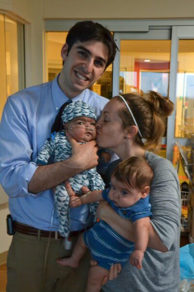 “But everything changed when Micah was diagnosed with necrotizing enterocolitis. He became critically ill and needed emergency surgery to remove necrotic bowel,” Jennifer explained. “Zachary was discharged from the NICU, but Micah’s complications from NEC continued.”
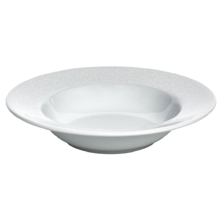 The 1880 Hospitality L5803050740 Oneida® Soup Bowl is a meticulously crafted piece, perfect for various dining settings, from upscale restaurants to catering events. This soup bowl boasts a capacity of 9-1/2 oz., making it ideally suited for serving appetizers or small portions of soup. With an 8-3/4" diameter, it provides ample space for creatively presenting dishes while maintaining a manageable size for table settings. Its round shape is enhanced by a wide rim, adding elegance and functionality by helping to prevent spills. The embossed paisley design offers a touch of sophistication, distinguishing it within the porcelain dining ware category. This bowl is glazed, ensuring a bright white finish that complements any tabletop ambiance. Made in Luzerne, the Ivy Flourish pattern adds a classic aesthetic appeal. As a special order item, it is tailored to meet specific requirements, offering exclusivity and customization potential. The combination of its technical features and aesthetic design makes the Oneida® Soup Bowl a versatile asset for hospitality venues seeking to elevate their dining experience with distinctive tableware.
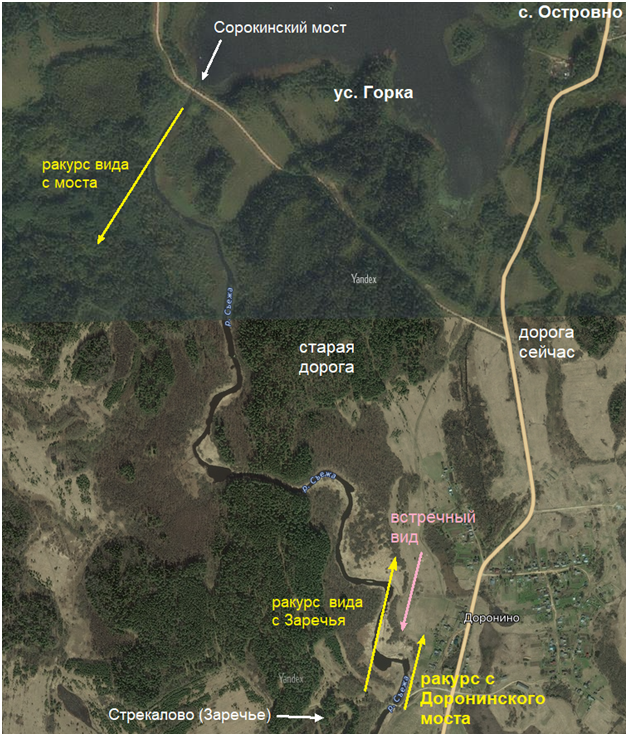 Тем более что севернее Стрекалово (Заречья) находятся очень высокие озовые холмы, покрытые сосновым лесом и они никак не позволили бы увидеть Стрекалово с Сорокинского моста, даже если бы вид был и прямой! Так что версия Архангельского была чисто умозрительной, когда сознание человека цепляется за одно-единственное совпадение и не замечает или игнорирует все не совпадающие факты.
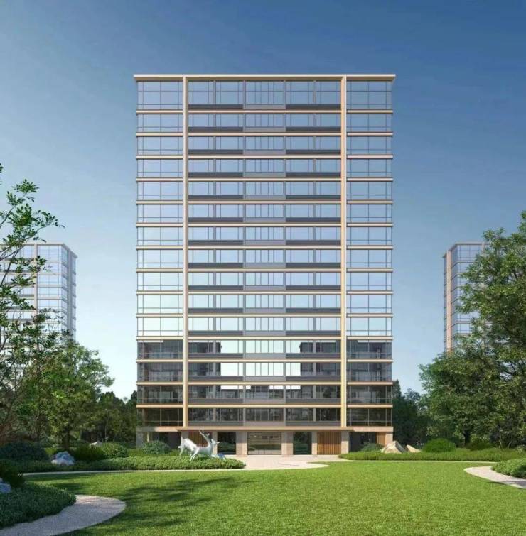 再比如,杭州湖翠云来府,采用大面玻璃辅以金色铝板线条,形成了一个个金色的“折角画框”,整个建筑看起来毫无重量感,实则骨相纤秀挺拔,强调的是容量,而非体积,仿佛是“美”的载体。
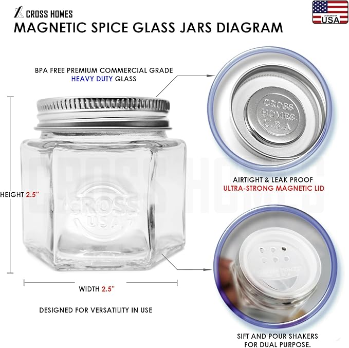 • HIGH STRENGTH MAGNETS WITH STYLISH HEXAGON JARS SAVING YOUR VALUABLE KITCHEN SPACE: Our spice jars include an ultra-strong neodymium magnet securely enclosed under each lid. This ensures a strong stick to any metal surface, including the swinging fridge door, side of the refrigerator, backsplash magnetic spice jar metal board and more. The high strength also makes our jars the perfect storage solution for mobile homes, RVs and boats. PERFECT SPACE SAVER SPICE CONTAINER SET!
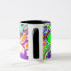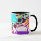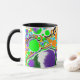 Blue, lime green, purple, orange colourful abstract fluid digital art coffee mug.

::::::

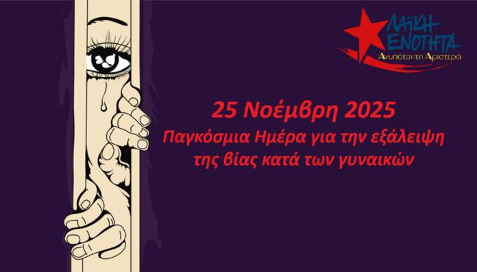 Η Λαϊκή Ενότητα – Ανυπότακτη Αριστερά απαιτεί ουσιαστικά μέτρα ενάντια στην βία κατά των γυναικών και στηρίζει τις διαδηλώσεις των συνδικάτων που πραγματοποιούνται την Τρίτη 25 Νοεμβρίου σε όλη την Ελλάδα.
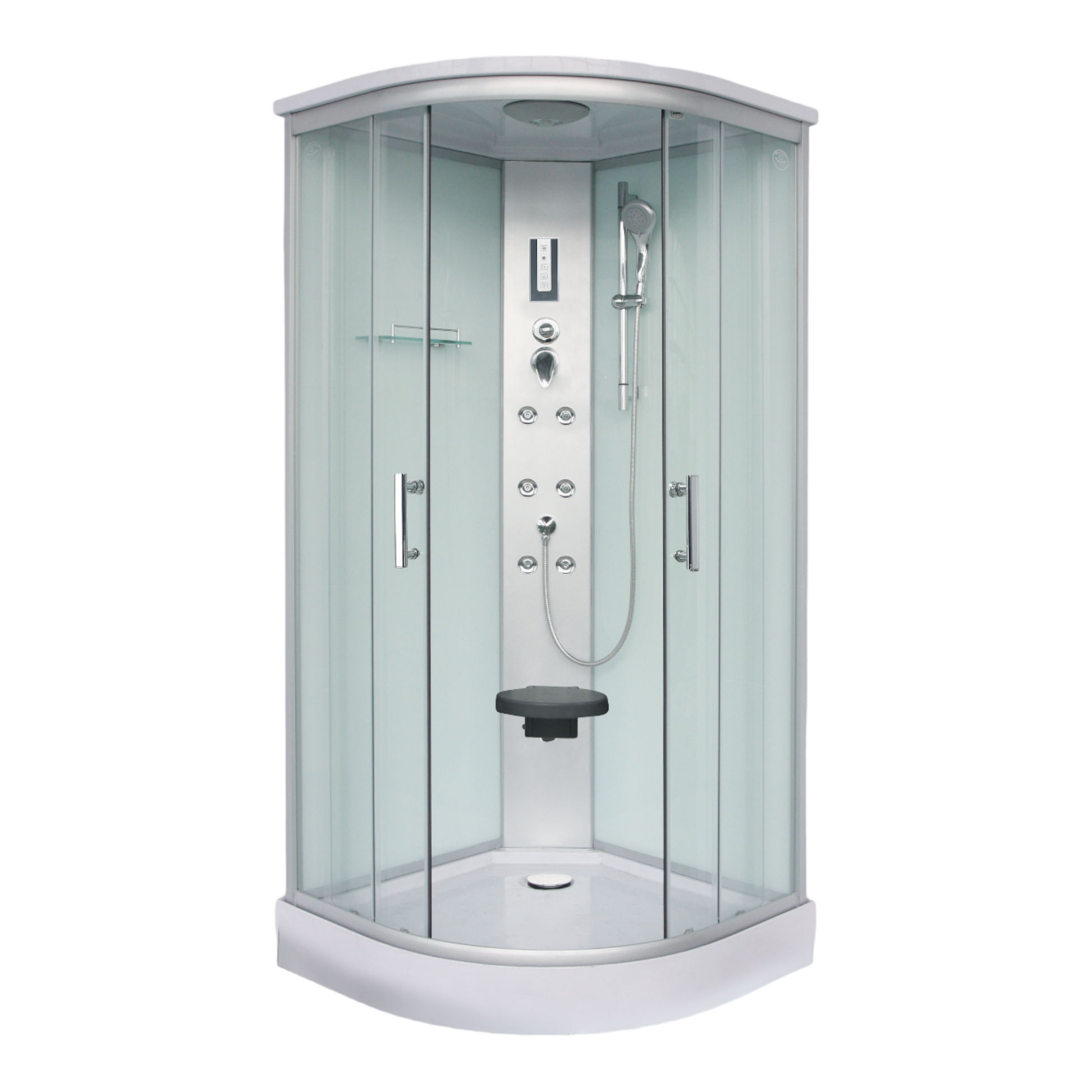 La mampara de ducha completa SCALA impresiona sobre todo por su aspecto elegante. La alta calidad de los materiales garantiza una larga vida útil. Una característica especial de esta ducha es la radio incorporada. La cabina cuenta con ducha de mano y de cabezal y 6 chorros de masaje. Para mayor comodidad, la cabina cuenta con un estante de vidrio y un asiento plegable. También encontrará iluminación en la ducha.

::::::

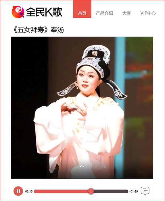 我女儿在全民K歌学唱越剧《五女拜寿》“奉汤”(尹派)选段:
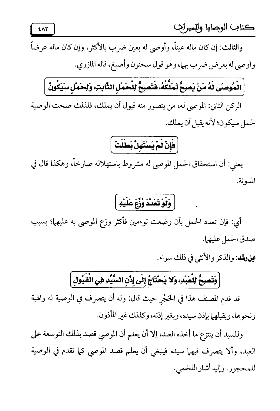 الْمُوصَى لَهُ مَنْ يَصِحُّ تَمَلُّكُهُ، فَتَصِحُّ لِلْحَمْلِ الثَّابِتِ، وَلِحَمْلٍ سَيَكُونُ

::::::

Set down word for word the lines above from the one with "Тем более что" up to and including the one with "再比如,杭州湖翠云来府,采用". Omit every picture.

 Тем более что севернее Стрекалово (Заречья) находятся очень высокие озовые холмы, покрытые сосновым лесом и они никак не позволили бы увидеть Стрекалово с Сорокинского моста, даже если бы вид был и прямой! Так что версия Архангельского была чисто умозрительной, когда сознание человека цепляется за одно-единственное совпадение и не замечает или игнорирует все не совпадающие факты.
 再比如,杭州湖翠云来府,采用大面玻璃辅以金色铝板线条,形成了一个个金色的“折角画框”,整个建筑看起来毫无重量感,实则骨相纤秀挺拔,强调的是容量,而非体积,仿佛是“美”的载体。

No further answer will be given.